Catfishing schemes are a variation of the imposter scam. These scammers use social media to lure their targets by pretending to be a new friend or love interest. They may want your information to gain access to your accounts, or they may be more direct and ask you for money.
The safest way to avoid this type of scam is to accept friend requests on social media only from people you know. If you think you’re being targeted, ask your new acquaintance to do a video chat. You could also ask to meet in person, but be extremely careful if you do. Only agree to meet in a public place, and ask someone you trust to go with you.
Another method scammers use is asking you to register for a free trial or subscription. While some of these offers are legitimate, others are not. It may seem harmless to provide your email address, mailing address or phone number, but hackers can use this information to gain access to more information about you, or they can sell it.
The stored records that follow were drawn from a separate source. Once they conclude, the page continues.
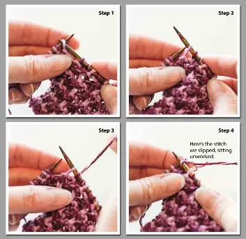 Step 2 insert your working needle into the first stitch on the needle with all the stitches. This video describes how to slip the first stitch edge stitch of a row purlwise to make a tidier edge. Often the pattern will specify slip the first stitch purlwise before continuing on with the regular stitches. Many flat knitting patterns add instructions to slip the first stitch.
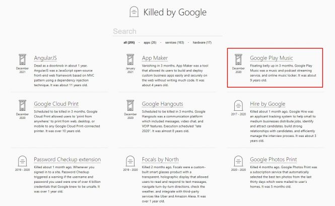 Serviciile și aplicațiile de mesagerie Google au devenit exemplul dominant. Cele mai aprinse discuții din ultima vreme au venit din rândul utilizatorilor Google Play Music cărora li se spune acum că nu mai pot cumpăra melodii. Magazinul Play Music și-a închis porțile pentru totdeauna.
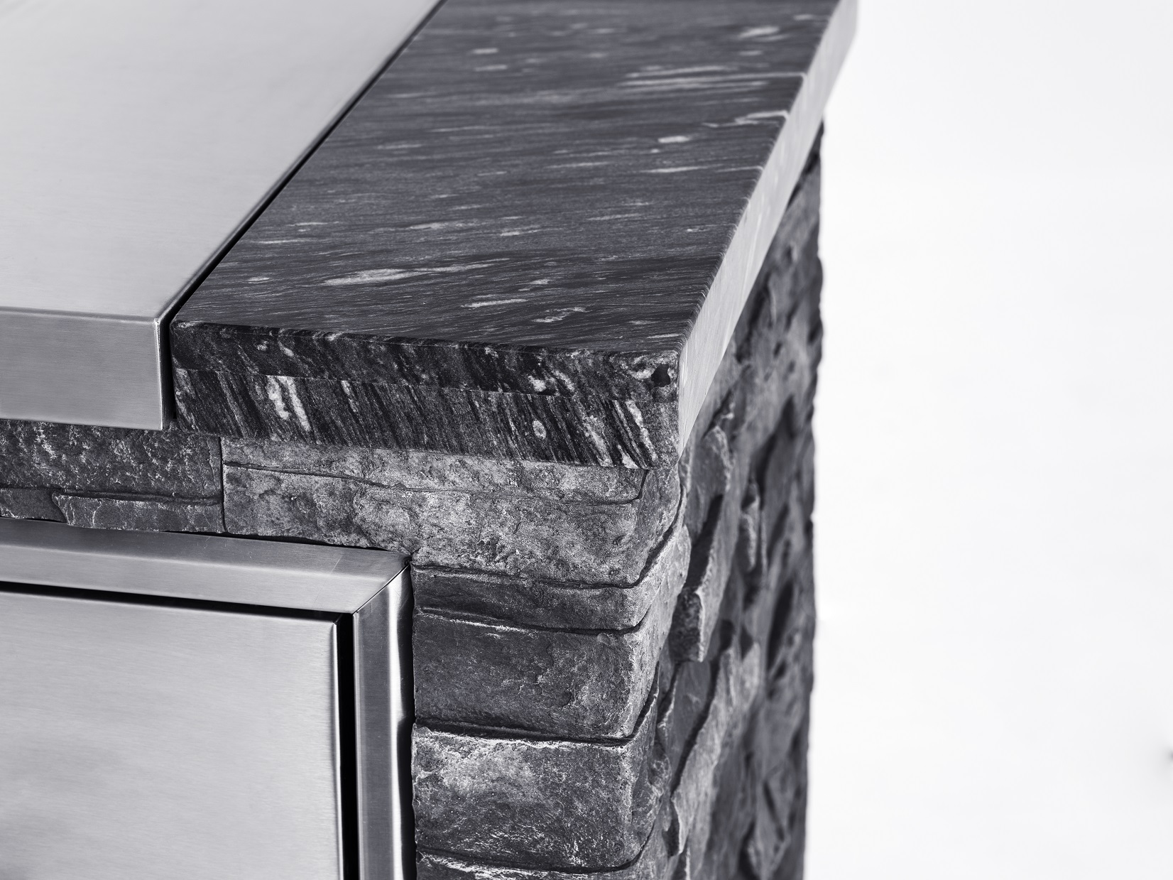 Das GrandPro® 222 Series Stone Island Modul mit Maxim G5 Einbaugrill verbindet stilvolles Design mit höchster Funktionalität für eine effiziente und komfortable Outdoor-Küche. Mit einer hochwertigen Arbeitsfläche in Steinoptik, einem integrierten Spülbecken, einem Mülleimer sowie einem Gasflaschenfach bleibt Ihr Grillbereich stets ordentlich und gut organisiert.
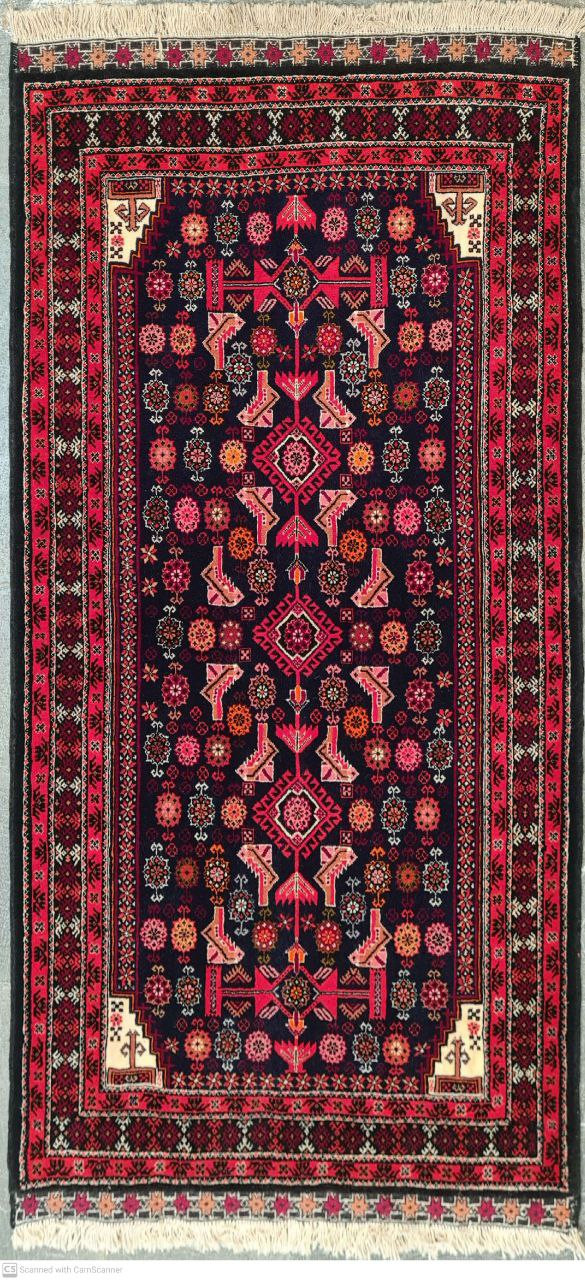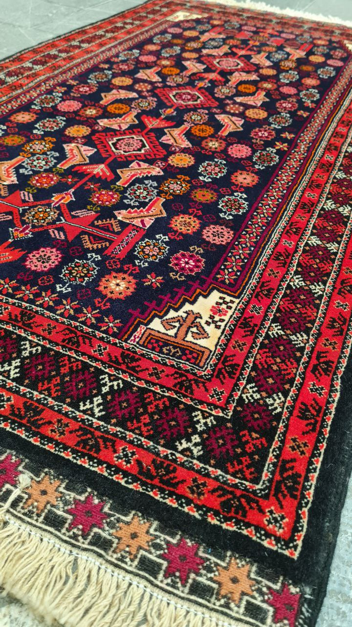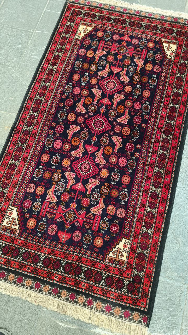 فرش دستباف ذرع و نیم بلوچی (نقشه لچک ترنج سرمهای)
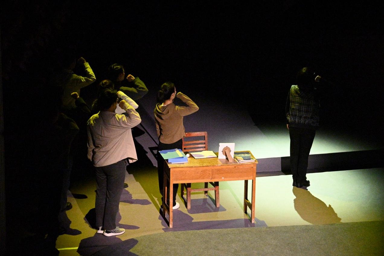随后,展演拉开帷幕。昏黄的灯光下,年迈的母亲在一针一线缝补衣裳,这是第一幕《难念的经》所展现的画面。原本聪慧的晓霞,在诗一般的年华,却因难产离开人世 。“命运作弄听天由命,从此不再有梦想。”小夏扮演者凄婉的歌声,唱出了大山女孩渴望读书学习的心声与现实阻挠的悲伤,感人至深,引人入胜。
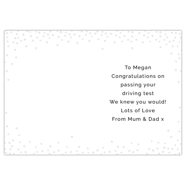 This Personalised “You Passed” your driving test card, is a great way to celebrate their achievement.
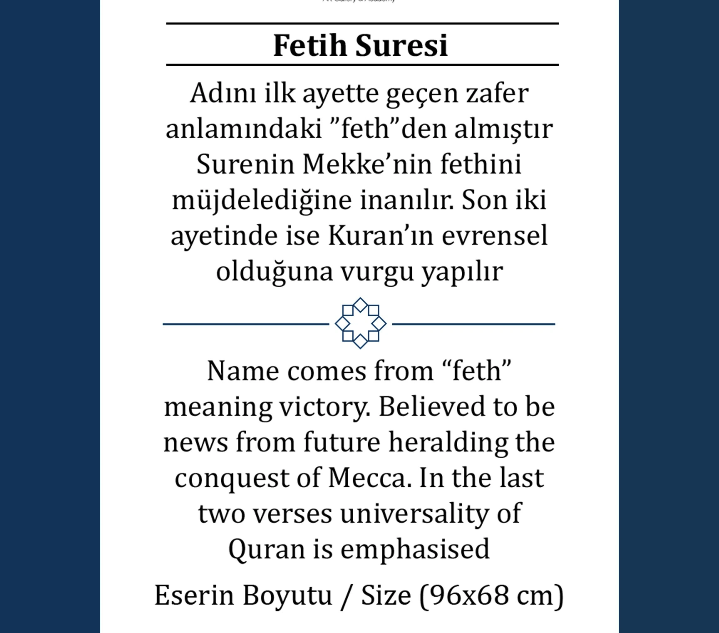 El Yazması Fetih Kürsi arka planındaki ustalıkla işlenen tezhip çalışmasında kullanılan gerçek altın süslemeleri ve altın rengiyle harika bir zıtlık yaratan siyah kadife dokusuyla, bu göz alıcı eser çerçeveli ve sergilenmeye hazır. Fetih Suresi tezhip ve hat eseri, evine güzellik ve maneviyat katmak isteyen herkes için mükemmel bir seçimdir. Dikkatle elde yazılmış ince ayrıntılara ve tasarıma, her misafirin hayran kalacağından emin olabilirsiniz. Kuran'ın ikinci suresinden gelen bu ayet, gerçekten İslam inancının güzelliğini ve gücünü özetliyor. Gösterişli çerçevesiyle ve dikkat çeken renkleriyle aldığınız an sergilemeye hazır olacak bu Fetih Suresi tablosu doğal kağıt üzerine elde yazılmıştır. Tasarımda kullanılan canlı ve her mekana uyum sağlayacak renkler güçlü bir enerji oluşturuyor. Kusursuz ayrıntıları bakan herkesi büyüleyen büyüleyici bir atmosfer yaratıyor. Bu enfes sanat eseri, biri yapımında gerçek altın kullanılan tezhip işlemi, diğeri ise kaligrafi sanatı için iki yetenekli zanaatkar tarafından 6 ayda el işçiliği ile yapılmıştır. Bu el yapımı cam çerçeveli İslami duvar sanatını diğerlerinden ayıran, el yapımı olmasına rağmen neredeyse kusursuz ve çarpıcı tasarımıdır. Fetih Suresi tezhip süslemeli hat sanatı, iç ya da dış mekan dekorasyonunuzu güzelleştirirken manevi yönünüzü de göstermenin harika bir yoludur. Evinize anlamlı ve güçlü bir sanat eseri getirmek için bu harika fırsatı kaçırmayın.
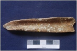 | Description / विवरण | A bone split which has be modified, one end is pointed and the other is wider. It is slightly encrusted. One side is grooved. |
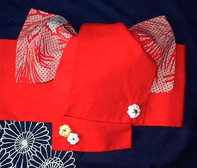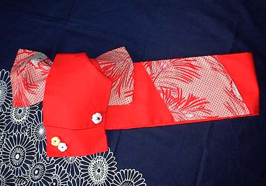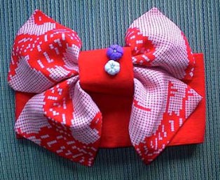 半幅作り帯 赤無地&鹿の子柄(梅の花付) 参考サイズ:約30×28cm 太鼓部タレ含む 110×15cm 胴巻き部 ¥3000 売り切れ m(_ _)m |
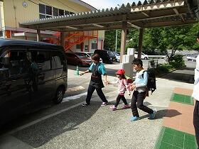 今日は日曜日でしたが、「椎葉村合同健康診断」のために登校日となり、児童は午前中椎葉小に行きました。午後は、この機会を利用し「風水害想定避難訓練」を行いました。
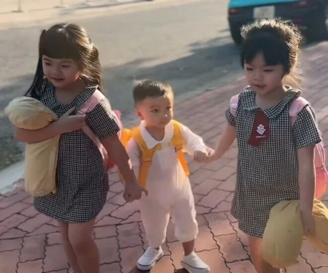 Nữ diễn viên Vân Trang cũng vừa chia sẻ hành trình đưa con trai út - bé Quintin (Tin) - lần đầu đi học. Hình ảnh gây ấn tượng mạnh nhất với khán giả là cảnh hai chị gái song sinh Quinanna và Quinita nắm tay dắt em trai qua cổng trường. Sự gắn kết giữa các con là niềm tự hào lớn đối với gia đình nữ diễn viên.
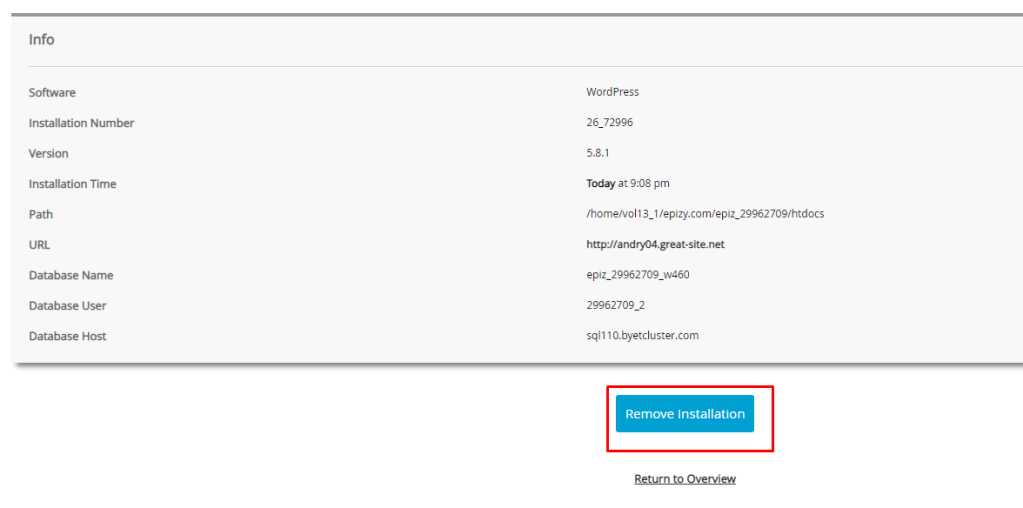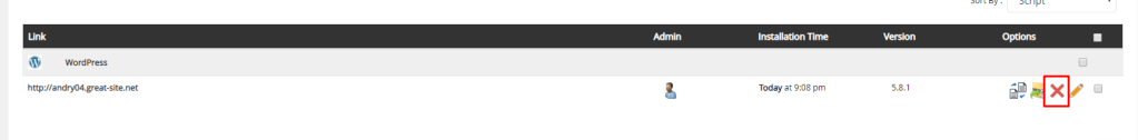 13. Buang layanan wordpress pada control panel sepeerti berikut.

Be particularly wary if someone tries to pressure you into providing personal information or making a donation or payment right away. Always take the time to verify that the person or organization making the request is who they claim to be.
Tip #4: Take extra security precautions
These additional measures can help you be more secure when you’re online. If you’re interested in using them but aren’t sure how, ask a trusted friend or relative for help or look for information online.
Security and privacy settings
Your social media accounts, browsers, email accounts, computers and mobile devices all have security and privacy settings you can adjust for increased protection.
Many types of antivirus software are available for your computers and mobile devices. An online search will tell you which ones experts recommend for your needs. Some are free; others have a subscription fee.
Also called two-step verification or two-factor authentication, this adds another layer of security in case your password is stolen. For example, when you log in to your account, you may have to provide a code sent to you via text or email.
A virtual private network
Basically, a virtual private network (VPN) disguises your online identity, making it harder for anyone to track your online activity or steal your data when your devices are connected to the internet. Some companies bundle antivirus software with a VPN.
A final note: Be sure your wireless network is secure, and always keep your devices’ operating systems updated.